The Conservative party has taken the lead in the UK’s glacially slow debate about Britain’s need for public spending cuts. George Osborne on Tuesday set out a grim prospectus that included restrictions on public sector pensions, a public pay freeze, increasing the pace at which the state pension age will rise and cutting tax credits for high-income households.

The shadow chancellor would like us to believe that he is the Iron Chancellor-in-waiting. He has announced, in the run-up to a general election, that he intends to force millions of people to work for longer, and his fighting words have already caused public trade unions to bristle. The risk is that he is now vulnerable to Labour charges that he is keen to axe rather than prune state services.

But this is a gamble worth taking. Mr Osborne has calculated, rightly in our view, that the British electorate is ready to accept pain in the quest for fiscal responsibility. He should be congratulated for his political courage. The opposition Tory party has finally started to move from platitudes on fiscal policy to specifics.

To guard himself against charges of heartlessness, Mr Osborne has swallowed the 50 per cent tax rate proposed by Labour. His core message is that the whole of society – not just the parts that rely totally on the welfare state – must share the burden. The higher rate of tax is unlikely to raise much extra revenue, but it is the political price for an economic necessity.

This speech should, however, be only the first page of the Tories’ prospectus. The effects of these measures– grim though they are – are dwarfed by the scale of the budget deficit.
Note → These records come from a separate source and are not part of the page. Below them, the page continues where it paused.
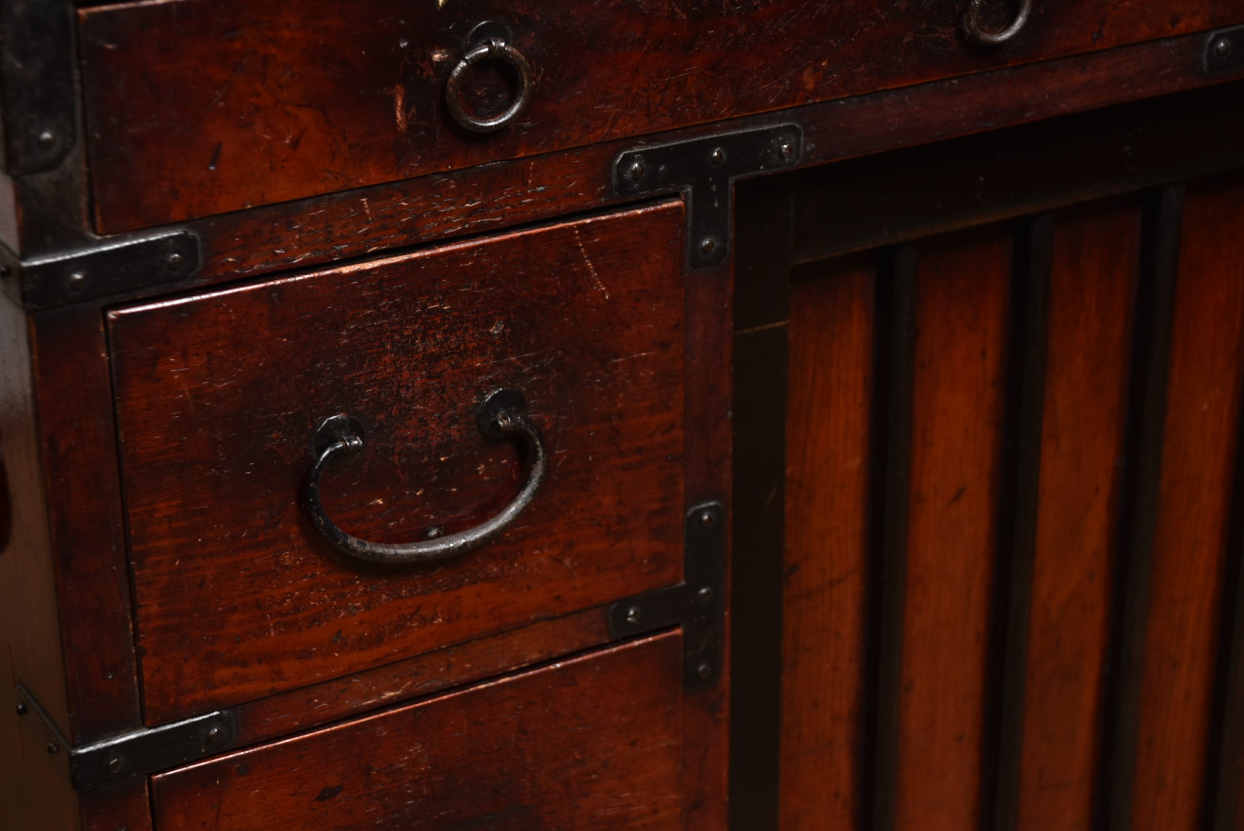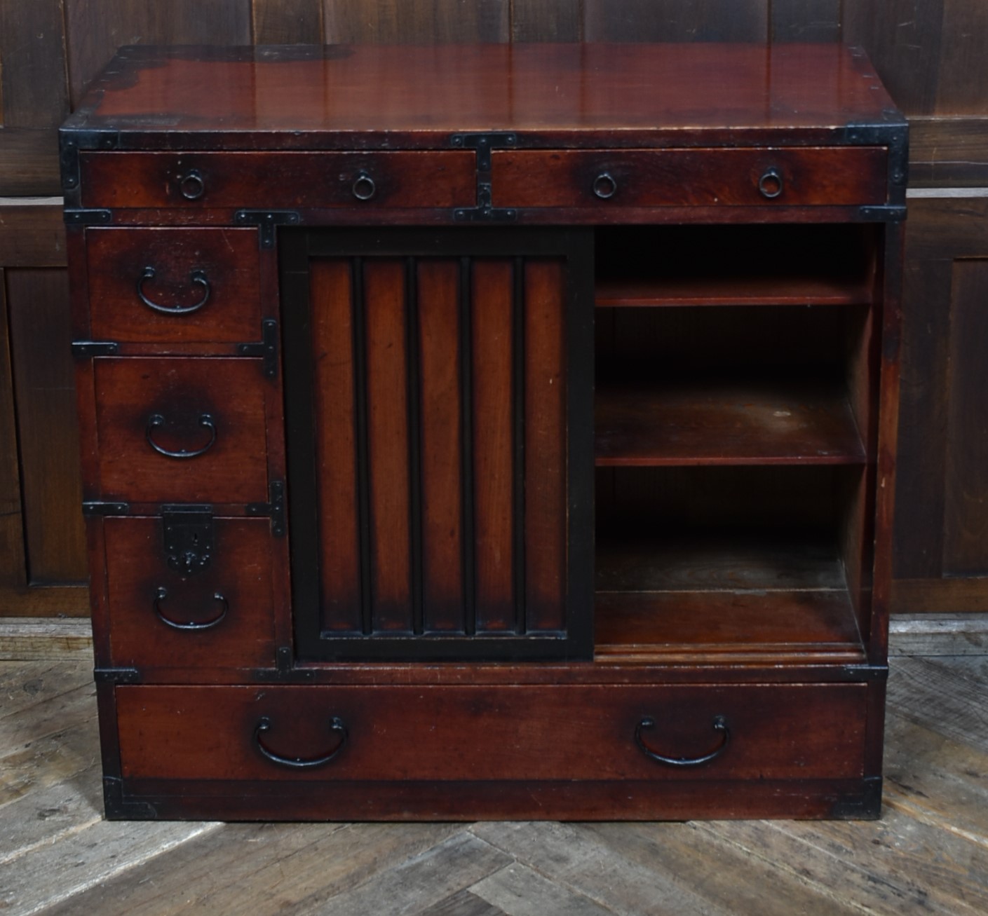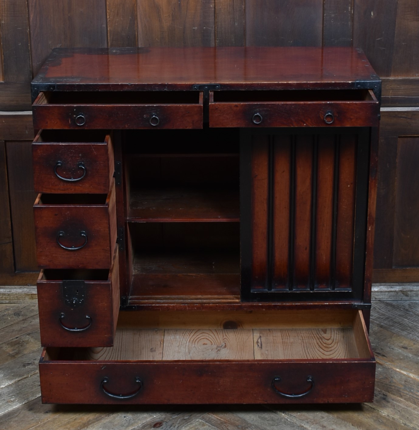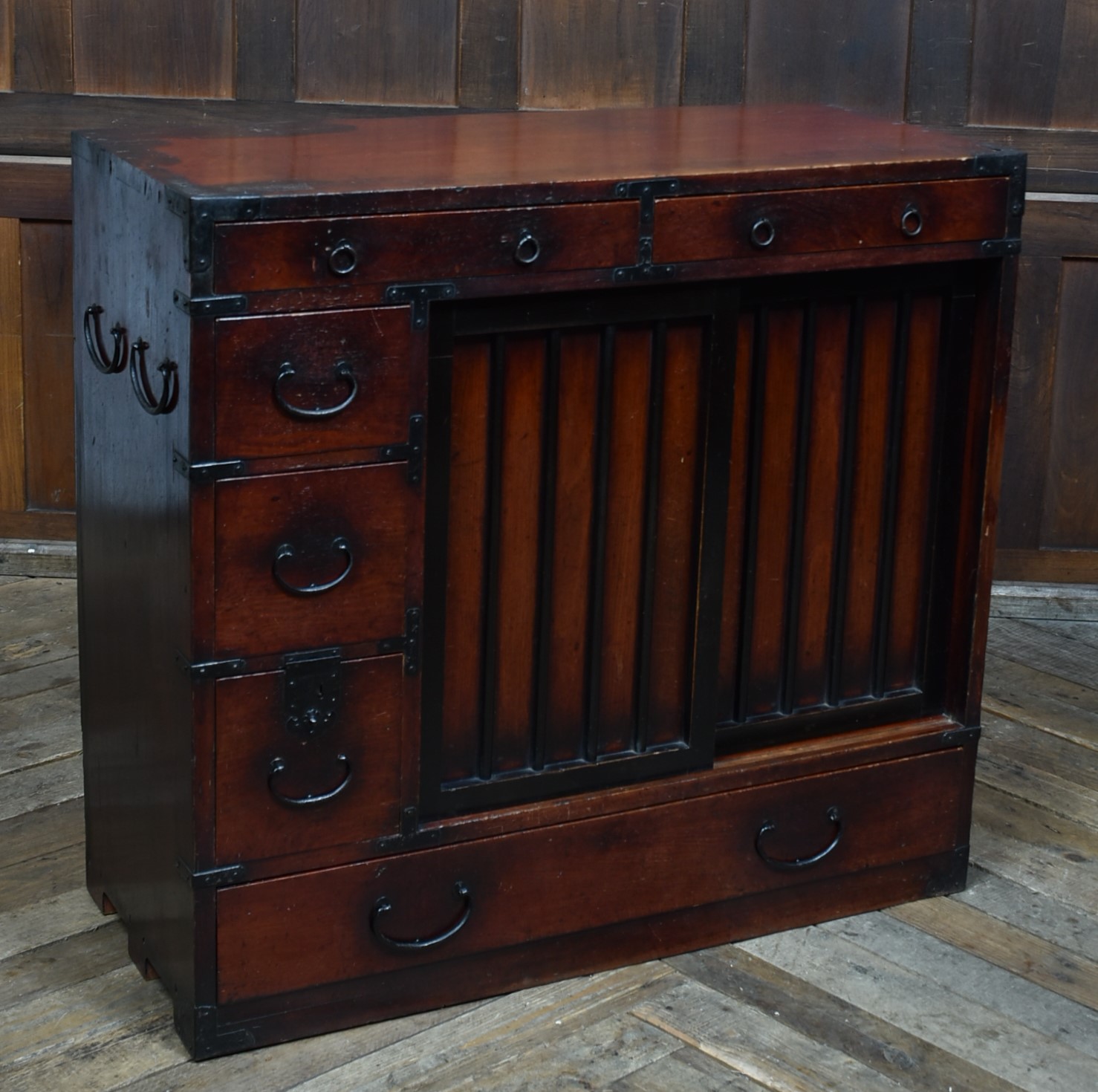 This traditional Choba Tansu, or merchant’s chest, exemplifies the harmonious blend of function and beauty. Crafted from richly stained hardwood—likely keyaki (zelkova) or sugi (cedar), it showcases the expressive grain and enduring strength prized in Japanese joinery. Designed for practical use in merchant shops, the chest features a thoughtful arrangement of storage: a column of drawers in varying sizes lines the left side, ideal for organizing tools, documents, and small wares. At the centre, a pair of sliding doors with vertical slats conceals a spacious, shelved compartment, while additional drawers above and below offer layered utility. Blackened iron fittings and handles provide both structural integrity and striking visual contrast. Side-mounted carrying handles suggest portability, allowing the chest to be repositioned with ease.
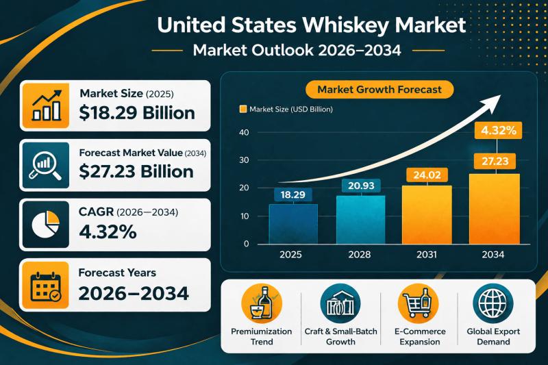 IMARC Group has recently released a new research study titled "United States Whiskey Market Size, Share, Trends and Forecast by Product Type, Quality, Distribution Channel, and Region, 2026-2034", offers a detailed analysis of the market drivers, segmentation, growth opportunities, trends and competitive landscape to understand the current and future market scenarios.
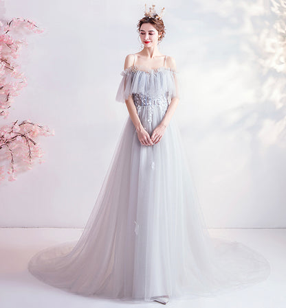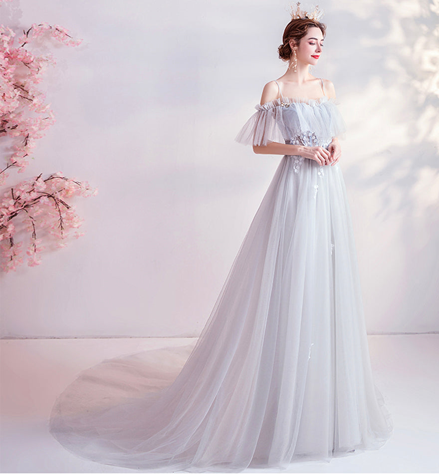 Gray tulle lace long prom dress evening dress
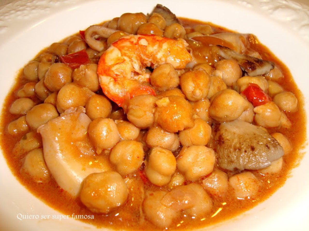 Garbanzos estofados de marisco y guindilla con salteado de setas
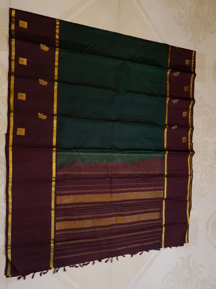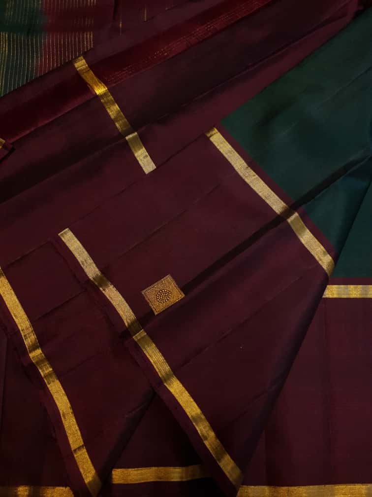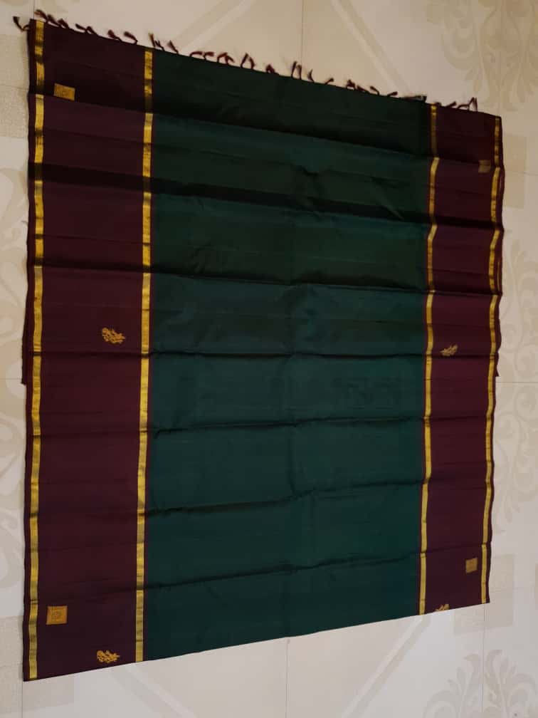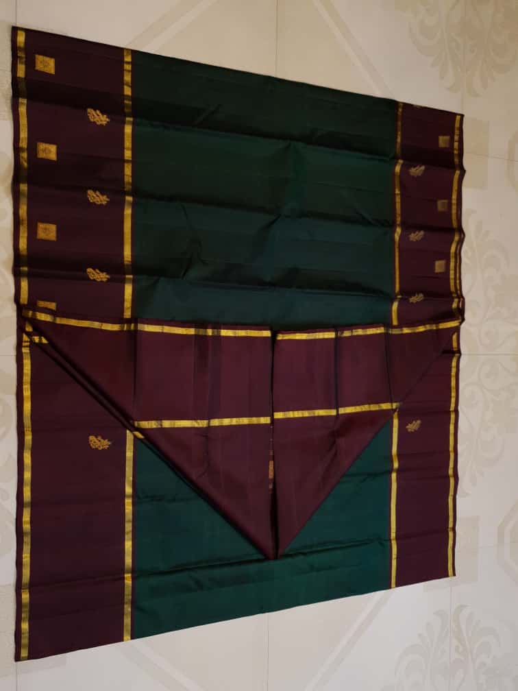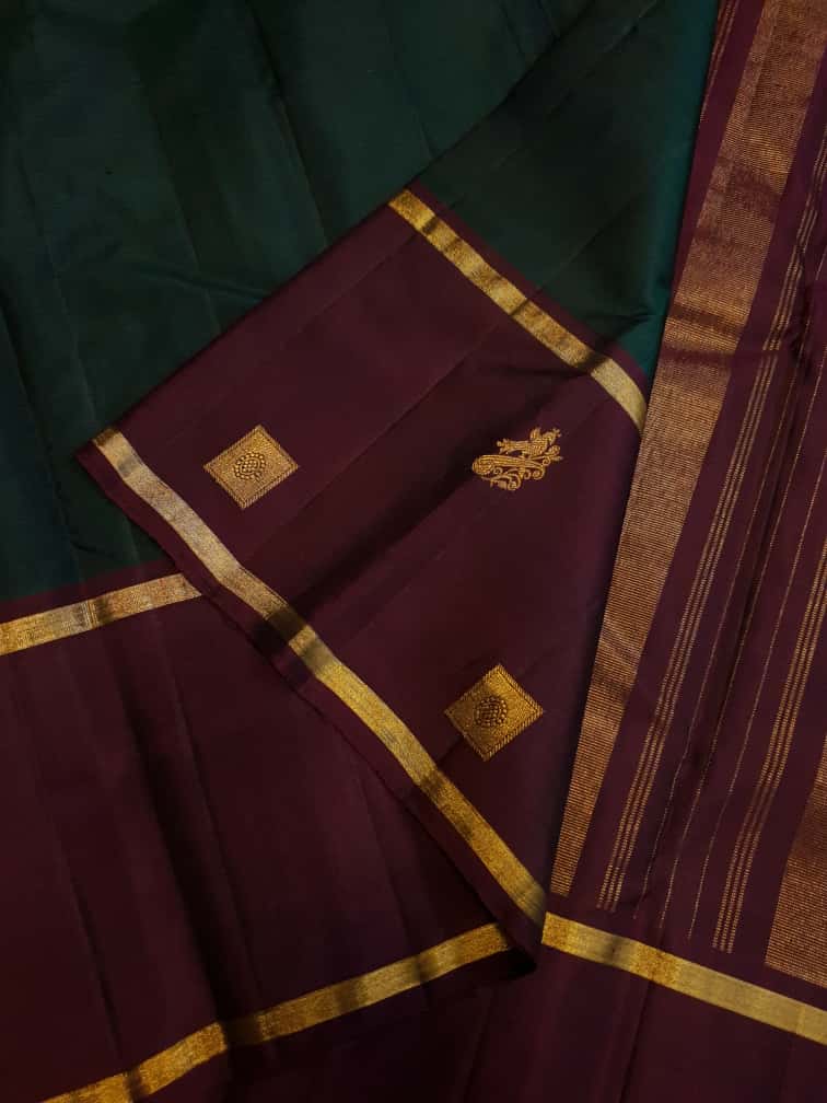 Bottle Green Kanchipuram Handloom 2G Pattu Silk Saree
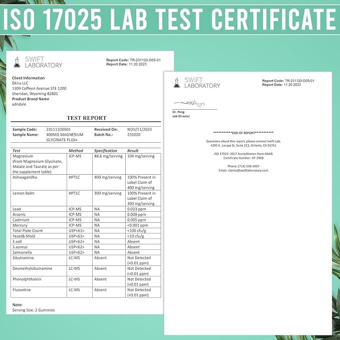 GMP and ISO 17025: Adndale Calm Magnesium Glycinate Plus+ gummies undergo production in a GMP certified facility and are third-party tested by an ISO 17025 certified lab. Lab testing of each batch ensures reliability and effectiveness as a resting support solution, with the test certificate included in the product listing
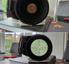 Im oberen linken Bereich der Linse befinden sich ein paar kleine schwarze Punkte, jedoch nicht innerhab des Fadenkreuzes. Diese lassen sich leider nicht fotografieren, sind aber bei der Zielerfassung nicht störend. Ein Wabenfilter ist auch mit dabei. Ebenso die beiden Vortex Defender Clip Caps.

Mr Osborne has announced plans to save £7bn ($11bn) per year by the end of the next parliament, with changes to the pension age – beginning in 2016 – eventually contributing up to £13bn. The budget deficit this year? £175bn.

The rest of the rebalancing, the Tories say, will come from efficiency gains and reform across the public sector. But no conceivable reform will allow cash savings of the magnitude required to allow the Conservatives to ring-fence all public services. It is difficult, from opposition, to set out detailed policy, but sacrifices will need to be made. The public must be told what they will be. Labour can flush this out by explaining how they would balance the books, and their spending priorities. The Tories would have no choice but to respond with their own preferred direction. George Osborne’s speech is the first round in the spending argument. It is not the last word.